The 3D geometry of anatomical structures facilitates computer-assisted diagnosis and therapy planning. Medical image data provides the basis for reconstructions of such geometries. The first challenge of automatic shape reconstruction is the wide variety of anatomical structures in terms of size, shape, topology, and degree of pathology. The second challenge comes from the limitations of the imaging process. Measurement errors may include artifacts from foreign objects, movement artifacts, noise, low contrast. These measurement errors make the segmentation an inherently ill-posed problem.
CNNs, specificly the UNet and its variants, have achieved state of the art performance on a large number of segmentation tasks. However, they rely on a large set of annotated images for training. This requirement becomes more critical when the image data is imperfect, containing artefacts, low contrast, unspecific boundary appearance, etc. In these cases, slight deviations from the training data will result in a performance drop, resulting in a low outlier robustness. Furthermore, classical UNets in general do not provide any tolopogical guarantees, e.g. the number of connected components or holes in the anatomical structure of interest. The goal of this project is to mitigate some of these limitations through incorporation of prior shape knowledge.

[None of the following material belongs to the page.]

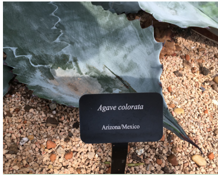
2.5" x 1.5" Classic Marker

Clinical Motivation: Shape Transfer between Modalities
Various imaging modalities are able to depict various anatomical structures. For example, a CT scanner depicts bony structures particularly well, while an MRI scanner can resolve soft tissue with higher detail, compared to a CT scanner. However, from the clinical perspective it is often useful to attain a plausible reconstruction of a bony structure from an MRI image, even though the detailed information in the image might be partially missing, for example due to a lack of contrast. In order to train a CNN for such a segmentation task, a large pool of manually annotated images would be required, which is particularly tedious to attain due to the missing details in the image. Providing annotations for a CT scan, however, is much easier, since the structure is well depicted. Therefore, it is desirable to extract shape knowledge from a set of segmentation masks from CT scans, and to employ this shape knowledge to improve the segmentation of MRI scans, where the image information is locally uninformative. In addition, it is important to provide uncertainty estimates of the predictions. These would allow the clinician to distinguish parts of the segmentation that are reliable, from parts which have been estimated from a prior shape knowledge, instead of the underlying image.

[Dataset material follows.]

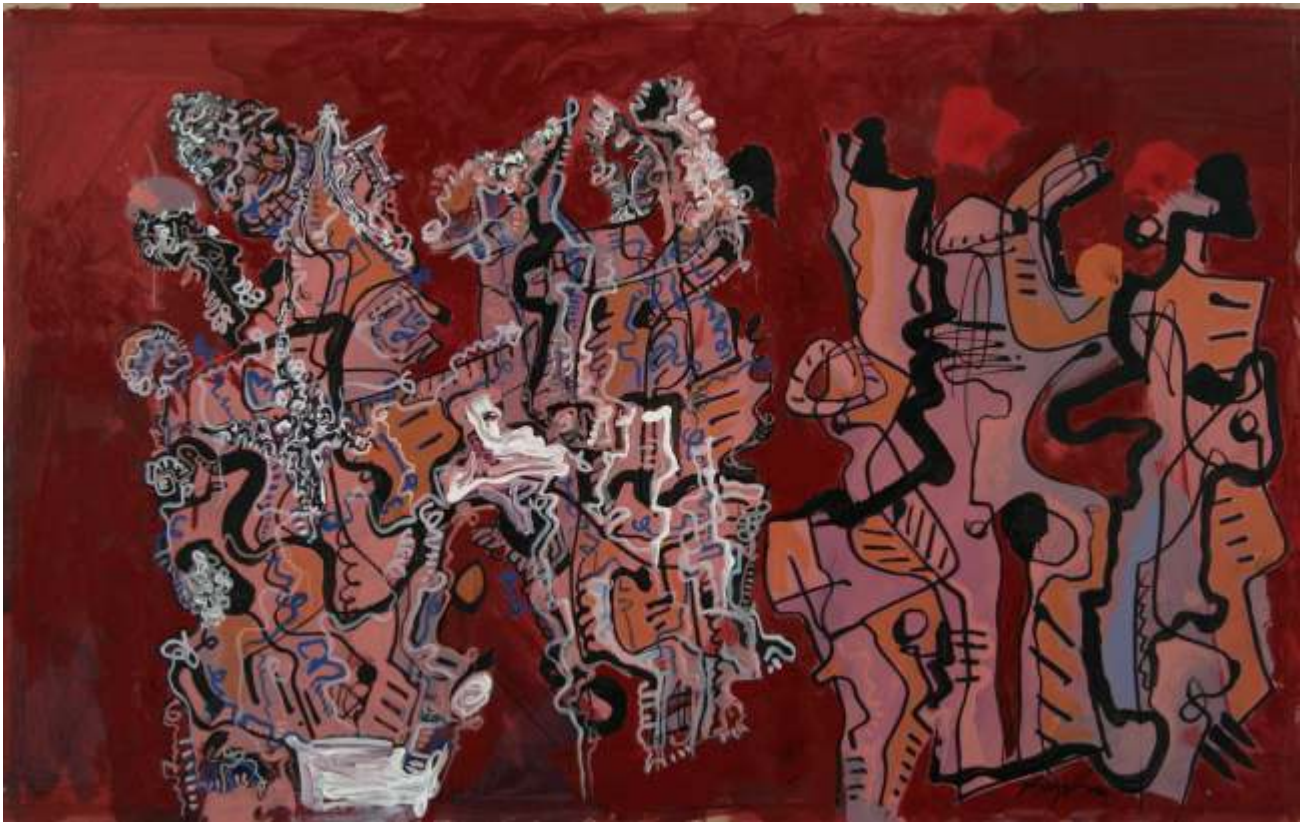
Untitled - 13 x 20 inches - acrylic on paper - 2007

Shape Priors in Medical Imaging
Prior to the rise of CNNs, so-called model-based segmentation methods made use of statistical shape models (SSMs) to enforce anatomical plausibility of predicted shapes. An SSM is built from a set of training shapes, represented as triangular meshes, which are assumed to be in correspondence to each other w.r.t. prominent geometrical features. The vertex coordinates are approximated with a normal distribution, from which the main modes of variation in shape are extracted through principle component analysis. While SSMs provide robust priors, they suffer from two shortcomings -- first, the corresponding meshes are tedious to create, and second, they tend to have a limited model capacity, that is, they struggle to accurately represent new shapes with the level of detail required for segmentation.
Recent developments in CNNs offer new ways to learn shape priors from examples. In contrast to SSMs, CNNs can process segmentation masks without the need to create corresponding triangular meshes. Furthermore, the CNN-based shape priors naturally integrate with existing CNN-based segmentation pipelines, such as the UNet. Therefore, our focus lies on exploring novel ways of learning shape knowledge with CNNs, and embedding them into image-based segmentation methods.